Having identified various components utilized herein, it should be understood that any number of components and arrangements may be employed to achieve the desired functionality within the scope of the present disclosure. For example, the components in the embodiments depicted in the figures are shown with lines for the sake of conceptual clarity. Other arrangements of these and other components may also be implemented. For example, although some components are depicted as single components, many of the elements described herein may be implemented as discrete or distributed components or in conjunction with other components, and in any suitable combination and location. Some elements may be omitted altogether. Moreover, various functions described herein as being performed by one or more entities may be carried out by hardware, firmware, and/or software. For instance, various functions may be carried out by a processor executing instructions stored in memory. As such, other arrangements and elements (for example, machines, interfaces, functions, orders, and groupings of functions, and the like) can be used in addition to, or instead of, those shown.
Embodiments of the present disclosure have been described with the intent to be illustrative rather than restrictive. Embodiments described in the paragraphs above may be combined with one or more of the specifically described alternatives. In particular, an embodiment that is claimed may contain a reference, in the alternative, to more than one other embodiment. The embodiment that is claimed may specify a further limitation of the subject matter claimed. Alternative embodiments will become apparent to readers of this disclosure after and because of reading it. Alternative means of implementing the aforementioned can be completed without departing from the scope of the claims below. Certain features and sub-combinations are of utility and may be employed without reference to other features and sub-combinations and are contemplated within the scope of the claims.
Many different arrangements of the various components depicted, as well as components not shown, are possible without departing from the scope of the claims below.

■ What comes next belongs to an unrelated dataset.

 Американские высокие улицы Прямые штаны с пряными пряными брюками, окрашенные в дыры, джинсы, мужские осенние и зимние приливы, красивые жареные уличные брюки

Embodiments in this disclosure are described with the intent to be illustrative rather than restrictive. Alternative embodiments will become apparent to readers of this disclosure after and because of reading it. Alternative means of implementing the aforementioned can be completed without departing from the scope of the claims below. Certain features and subcombinations are of utility and may be employed without reference to other features and subcombinations and are contemplated within the scope of the claims.

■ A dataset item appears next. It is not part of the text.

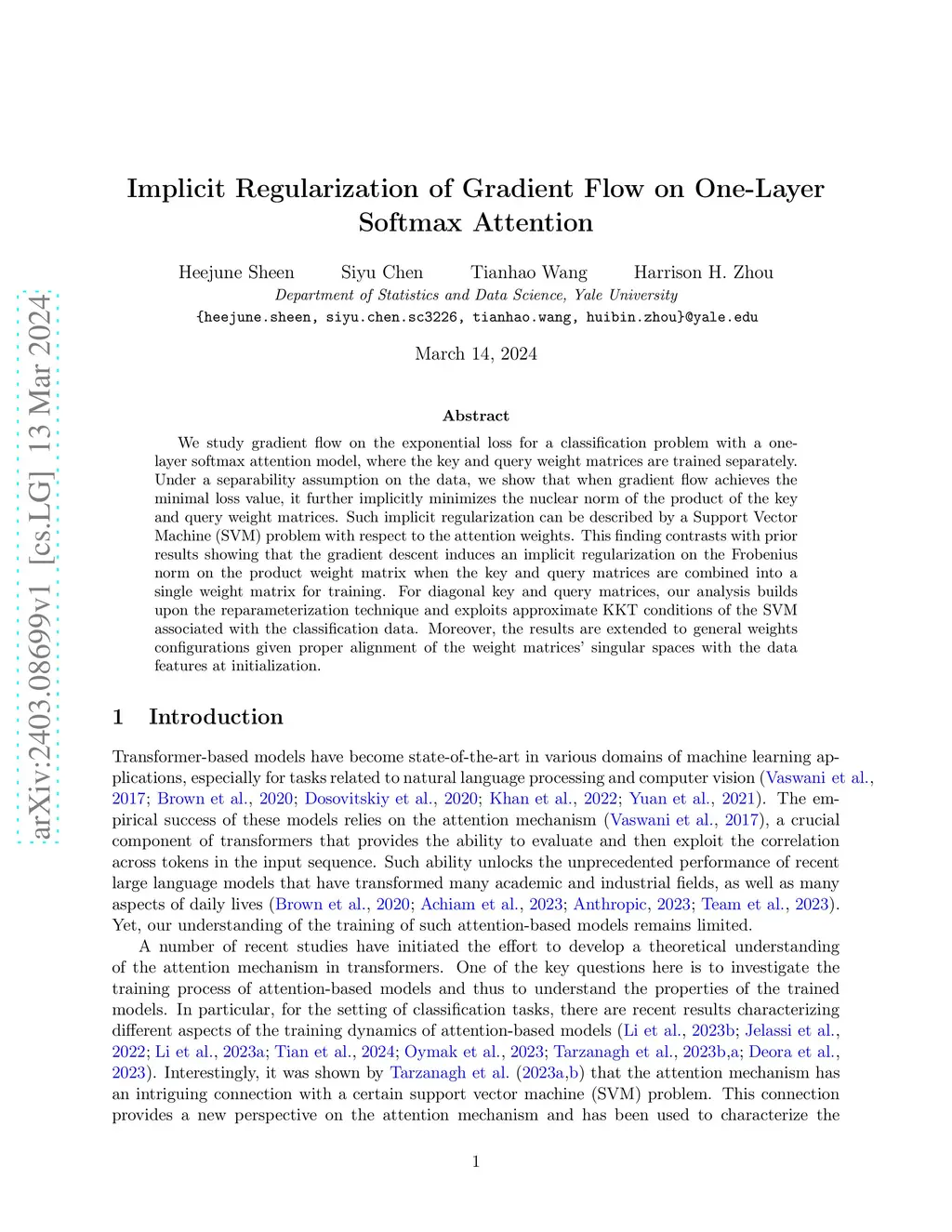 We study gradient flow on the exponential loss for a classification problem with a one-layer softmax attention model, where the key and query weight matrices are trained separately. Under a separability assumption on the data, we show that when gradient flow achieves the minimal loss value, it further implicitly minimizes the nuclear norm of the product of the key and query weight matrices. Such implicit regularization can be described by a Support Vector Machine (SVM) problem with respect to the attention weights. This finding contrasts with prior results showing that the gradient descent induces an implicit regularization on the Frobenius norm on the product weight matrix when the key and query matrices are combined into a single weight matrix for training. For diagonal key and query matrices, our analysis builds upon the reparameterization technique and exploits approximate KKT conditions of the SVM associated with the classification data. Moreover, the results are extended to general weights configurations given proper alignment of the weight matrices' singular spaces with the data features at initialization.

In the preceding detailed description, reference is made to the accompanying drawings which form a part hereof wherein like numerals designate like parts throughout, and in which is shown, by way of illustration, embodiments that may be practiced. It is to be understood that other embodiments may be utilized and structural or logical changes may be made without departing from the scope of the present disclosure. Therefore, the preceding detailed description is not to be taken in the limiting sense, and the scope of embodiments is defined by the appended claims and their equivalents.